• [Activity]:
Every line from the one with "12. 비밀번호를 2회 입력하면 최종 금융인증서 발급 절차가 완료된다." through the last line below should be repeated exactly; pictures stay out of the copy.

Segment Start: Data section

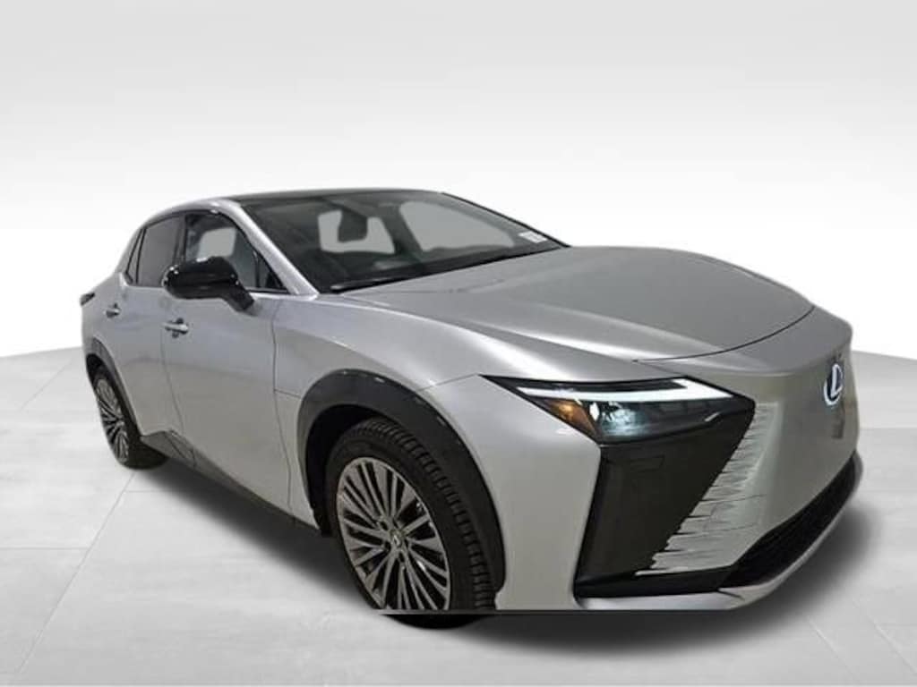 CarBravo Certified, ONE Owner!, Accident FREE, No Added Cert. Fees, Certified Multi-Point Inspection, AWD!, Navigation, Heated Seats, Heated Steering Wheel, Apple CarPlay, Keyless Entry, Ventilated Seats, Head-Up Display, Side Blind Zone Alert, Rear Cross Traffic Alert, Backup Camera, BLUETOOTH, Power Windows/Locks, Power Seating, PUSH BUTTON START!, 20 Wheels!, Memory Seating, Power Liftgate, Carfax Buyback Guarantee, RZ 450e Luxury, 4D Sport Utility, Electric Motor, Single-Speed Automatic, AWD, Iridium, Dapple Gray/Black w/Ultrasuede Seat Trim, 13 Speakers, 4-Wheel Disc Brakes, ABS brakes, AM/FM radio: SiriusXM, Apple CarPlay/Android Auto, Auto-dimming door mirrors, Auto-dimming Rear-View mirror, Brake assist, Bumpers: body-color, Driver door bin, Driver vanity mirror, Dual front impact airbags, Dual front side impact airbags, Dynamic Sky Panorama Glass Roof w/Dimming, Electronic Stability Control, Emergency communication system: Safety Connect (10-year trial), Exterior Parking Camera Rear, Four wheel independent suspension, Front anti-roll bar, Front Bucket Seats, Front Center Armrest, Front dual zone A/C, Front reading lights, Fully automatic headlights, Heads-Up Display, Heated & Ventilated Front Bucket Seats, Heated door mirrors, Heated rear seats, Heated steering wheel, Illuminated entry, Knee airbag, Low tire pressure warning, Memory seat, Navigation System, Occupant sensing airbag, Outside temperature display, Overhead airbag, Overhead console, Panic alarm, Passenger door bin, Passenger vanity mirror, Power door mirrors, Power driver seat, Power Liftgate, Power passenger seat, Power steering, Power windows, Radio data system, Radio: Lexus Interface w/Mark Levinson Audio, Rear anti-roll bar, Rear seat center armrest, Rear window defroster, Remote keyless entry, Security system, Speed control, Speed-sensing steering, Split folding rear seat, Spoiler, Steering wheel memory, Steering wheel mounted audio controls, Telescoping steering wheel, Tilt steering wheel, Traction control, Trip computer, Turn signal indicator mirrors, Ultrasuede Seat Trim, Variably intermittent wipers, Ventilated front seats, Wheels: 20 10-Spoke Premium Alloy. 2023 Lexus RZ Iridium 450e Luxury 4D Sport Utility AWD Single-Speed Automatic 102/87 City/Highway MPG Electric Motor
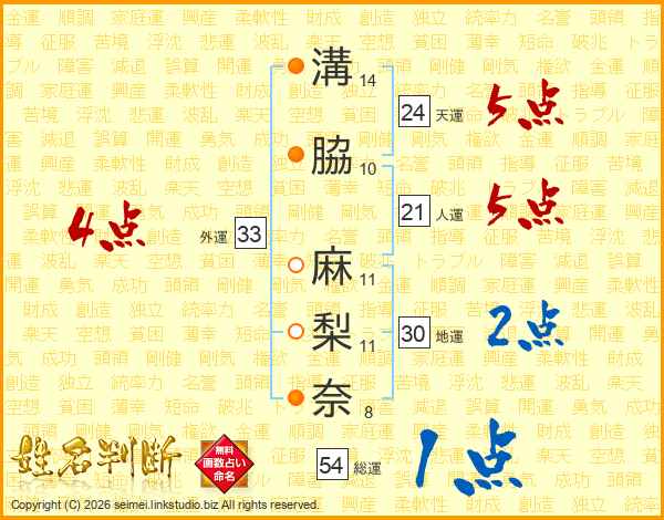 溝脇麻梨奈さんの外運は33画の4点!
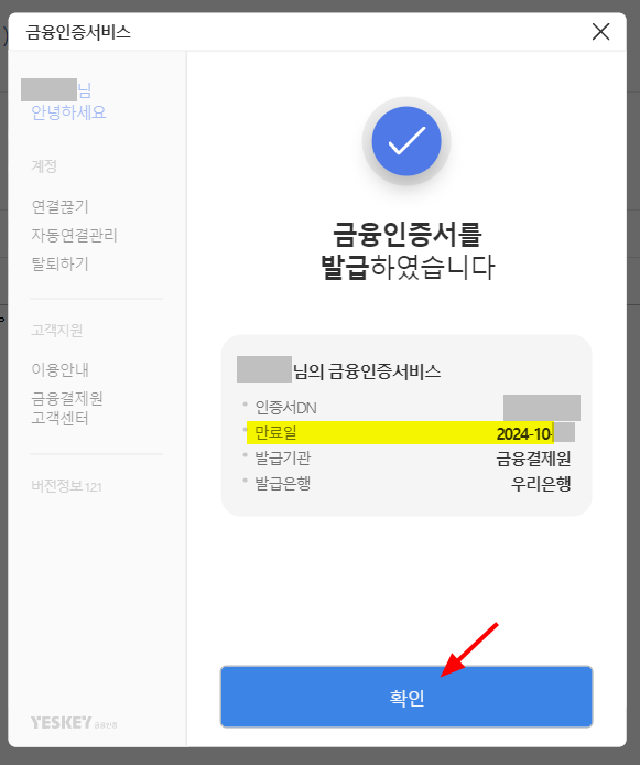 12. 비밀번호를 2회 입력하면 최종 금융인증서 발급 절차가 완료된다.
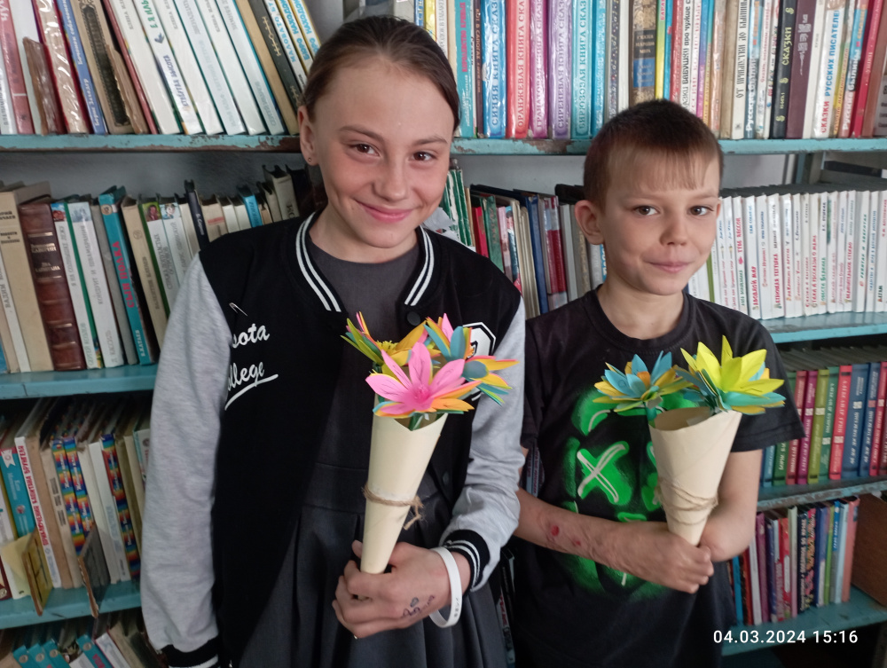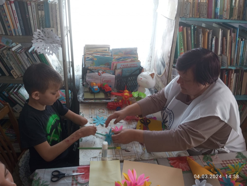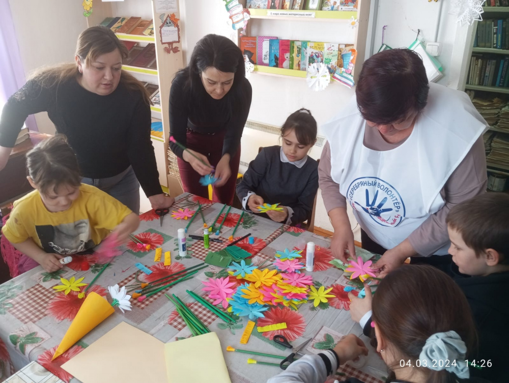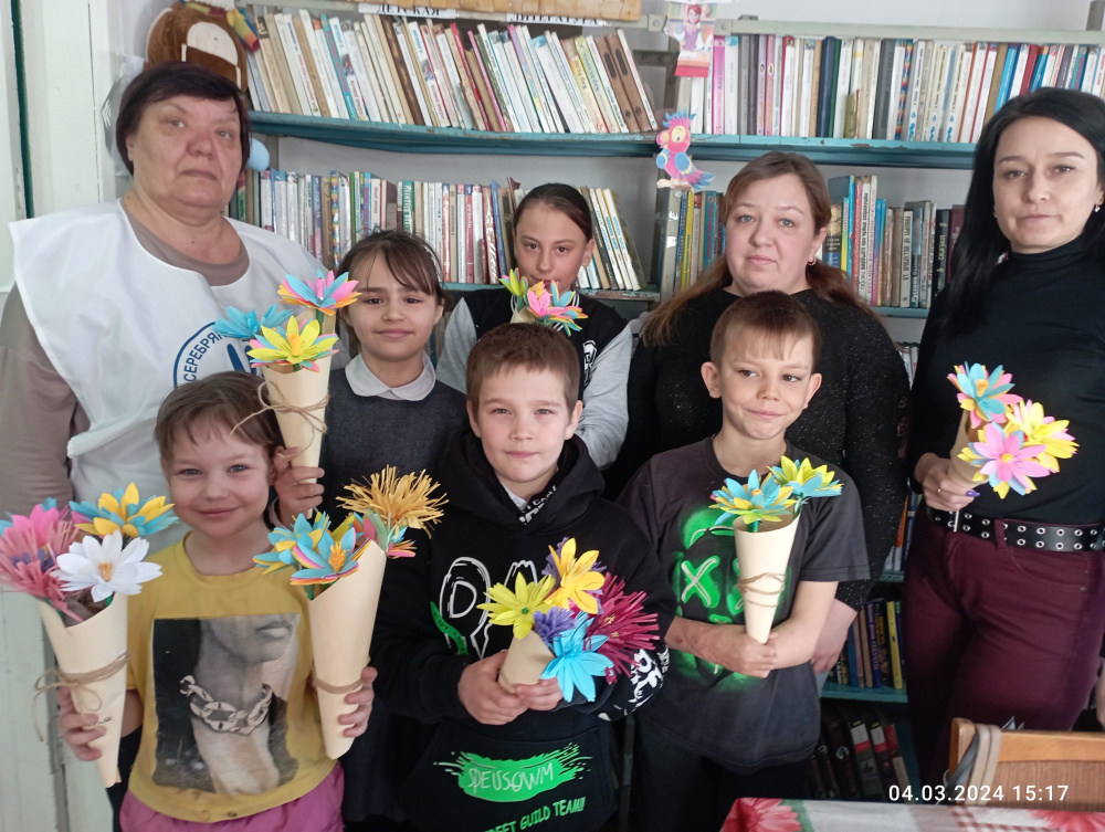 Ребят встретили работник библиотеки Любовь Александровна Денисова и серебряный волонтер Елена Николаевна Чернега. Социальный педагог МУ «КЦСОН» рассказала ребятам об истории происхождения праздника, о роли женщины в обществе, напомнила о необходимости проявлять  уважение к женщинам, задавала тематические вопросы, на которые дети с удовольствием отвечали.
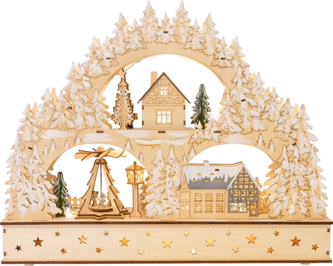 Kézműves hatás, precízen kivágott fák és házikók, valamint a fa természetes árnyalata teszik az ívet a karácsonyi dekoráció figyelemfelkeltő középpontjává az ablakban és a komódon egyaránt.
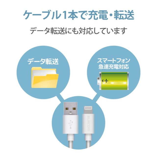Lightningコネクタ搭載のiPhone/iPod/iPadの充電・データ通信ができる!LightningコネクタとパソコンやAC充電器のUSBポートを接続して充電・データ通信ができるUSBケーブル。※iPadはパソコンからは充電出来ません
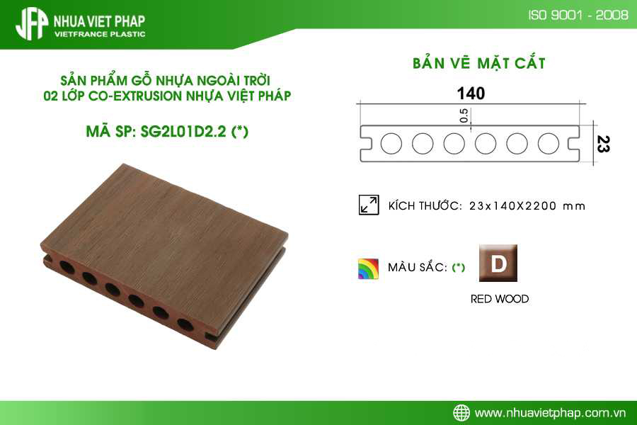 Thông số kỹ thuật sàn gỗ nhựa PE ngoài trời 02 lớp hi-class Nhựa Việt Pháp màu đỏ gỗ SG2L01D2.2
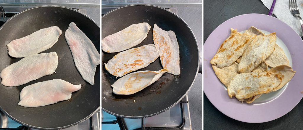 Erhitzen Sie eine Antihaft-Pfanne und braten Sie die Hähnchenscheiben bei mittlerer bis niedriger Hitze ohne Zugabe von Fett, indem Sie sie zur Hälfte der Garzeit wenden.

Segment End: Data section

• [Task response]:
 12. 비밀번호를 2회 입력하면 최종 금융인증서 발급 절차가 완료된다.
 Ребят встретили работник библиотеки Любовь Александровна Денисова и серебряный волонтер Елена Николаевна Чернега. Социальный педагог МУ «КЦСОН» рассказала ребятам об истории происхождения праздника, о роли женщины в обществе, напомнила о необходимости проявлять  уважение к женщинам, задавала тематические вопросы, на которые дети с удовольствием отвечали.
 Kézműves hatás, precízen kivágott fák és házikók, valamint a fa természetes árnyalata teszik az ívet a karácsonyi dekoráció figyelemfelkeltő középpontjává az ablakban és a komódon egyaránt.
Lightningコネクタ搭載のiPhone/iPod/iPadの充電・データ通信ができる!LightningコネクタとパソコンやAC充電器のUSBポートを接続して充電・データ通信ができるUSBケーブル。※iPadはパソコンからは充電出来ません
 Thông số kỹ thuật sàn gỗ nhựa PE ngoài trời 02 lớp hi-class Nhựa Việt Pháp màu đỏ gỗ SG2L01D2.2
 Erhitzen Sie eine Antihaft-Pfanne und braten Sie die Hähnchenscheiben bei mittlerer bis niedriger Hitze ohne Zugabe von Fett, indem Sie sie zur Hälfte der Garzeit wenden.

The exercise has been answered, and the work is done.